┌────────

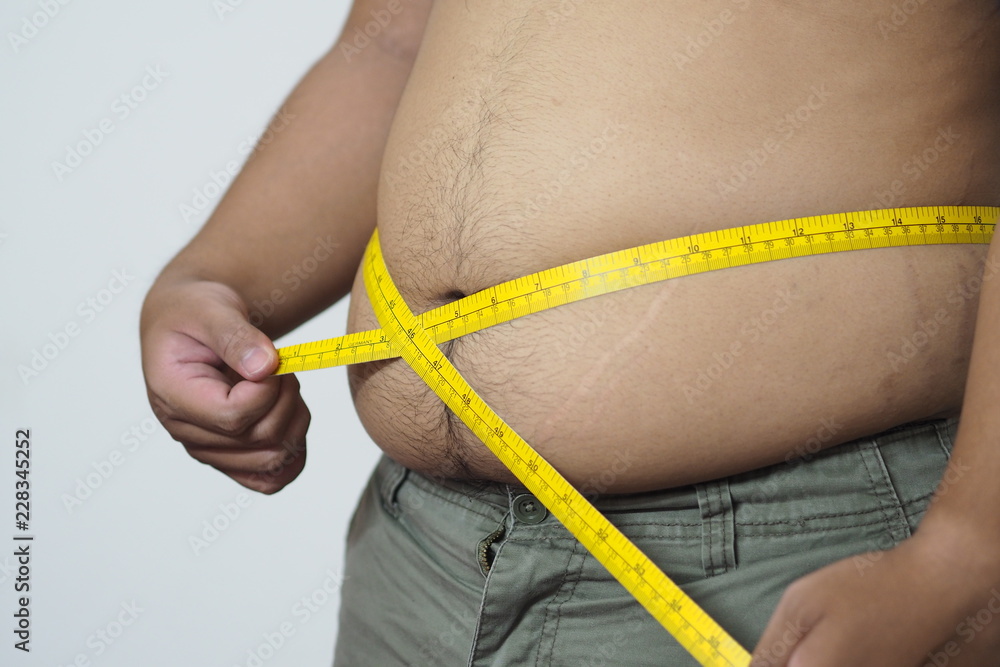 Papier peint Fat man holding a Plastic tape measure for Calculating body fat.
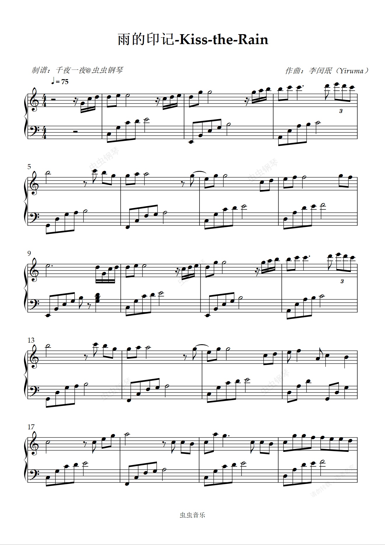 钢琴谱:超好听的纯音乐 Kiss the rain雨的印记 一首公认的好听的钢琴曲 简单版
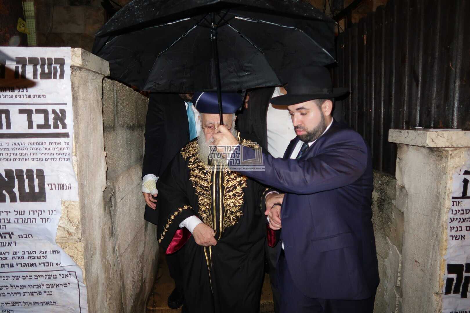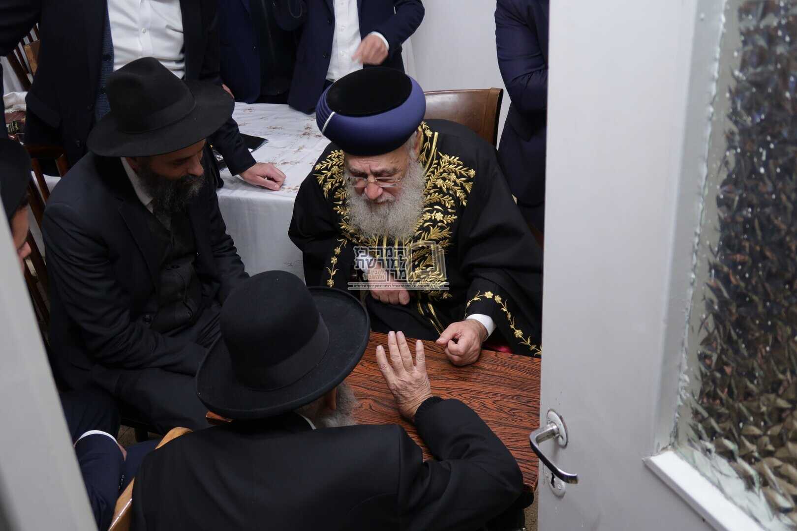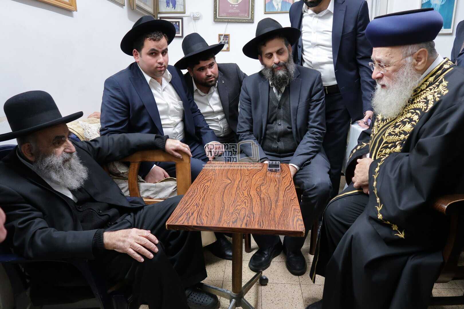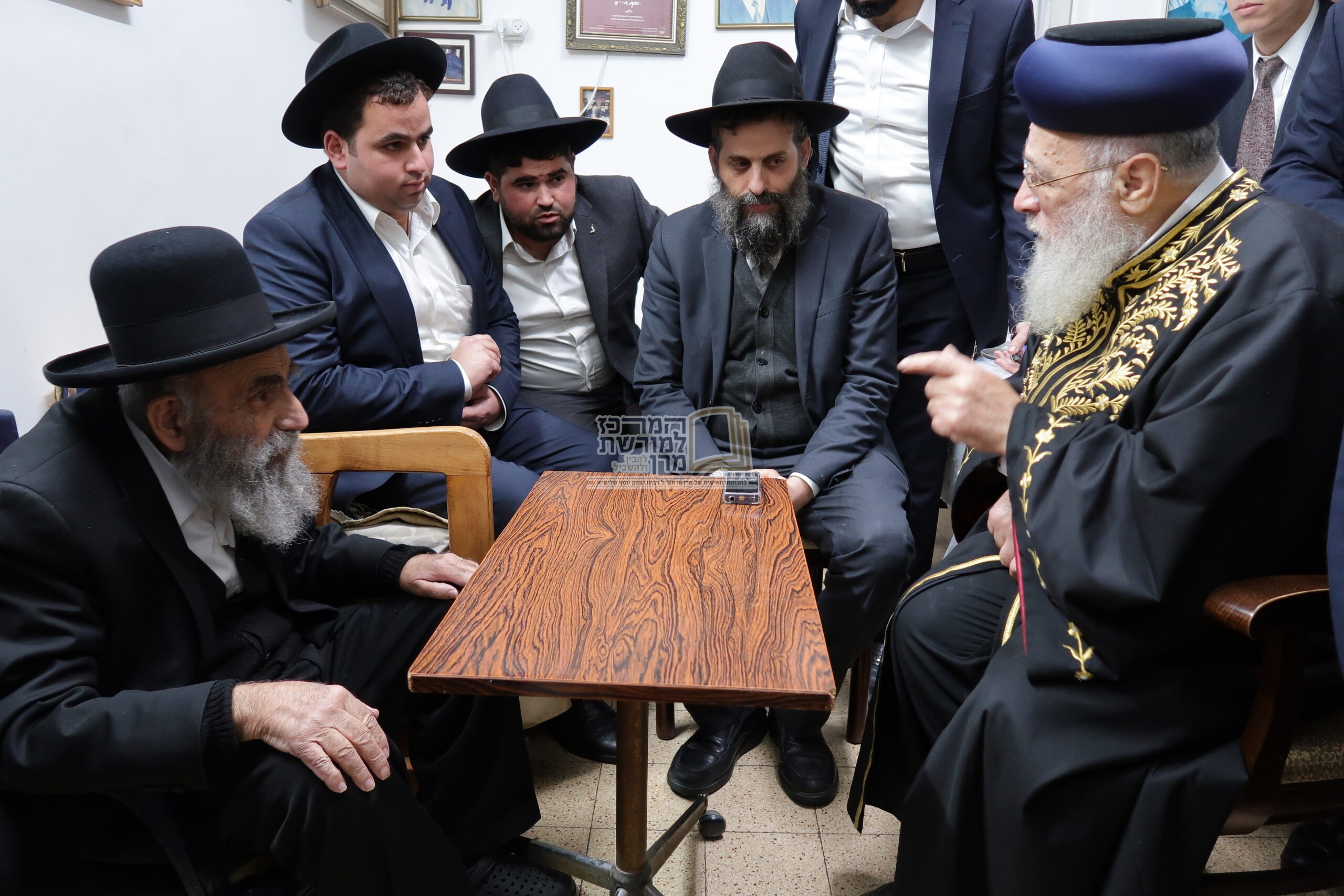 מרן פוסק הדור הראש"ל הגאון רבי יצחק יוסף שליט"א עלה לנחם את מרן רה"י הגאון רבי משה צדקה שליט"א על פטירת אחיו הרב שאול צדקה זצ"ל. צילום: ש.פ.ה

└────────

--- What you will do ---
Repeat the data in full, exactly as it stands, but drop every picture.

--- Result of this task ---
 Papier peint Fat man holding a Plastic tape measure for Calculating body fat.
 钢琴谱:超好听的纯音乐 Kiss the rain雨的印记 一首公认的好听的钢琴曲 简单版
 מרן פוסק הדור הראש"ל הגאון רבי יצחק יוסף שליט"א עלה לנחם את מרן רה"י הגאון רבי משה צדקה שליט"א על פטירת אחיו הרב שאול צדקה זצ"ל. צילום: ש.פ.ה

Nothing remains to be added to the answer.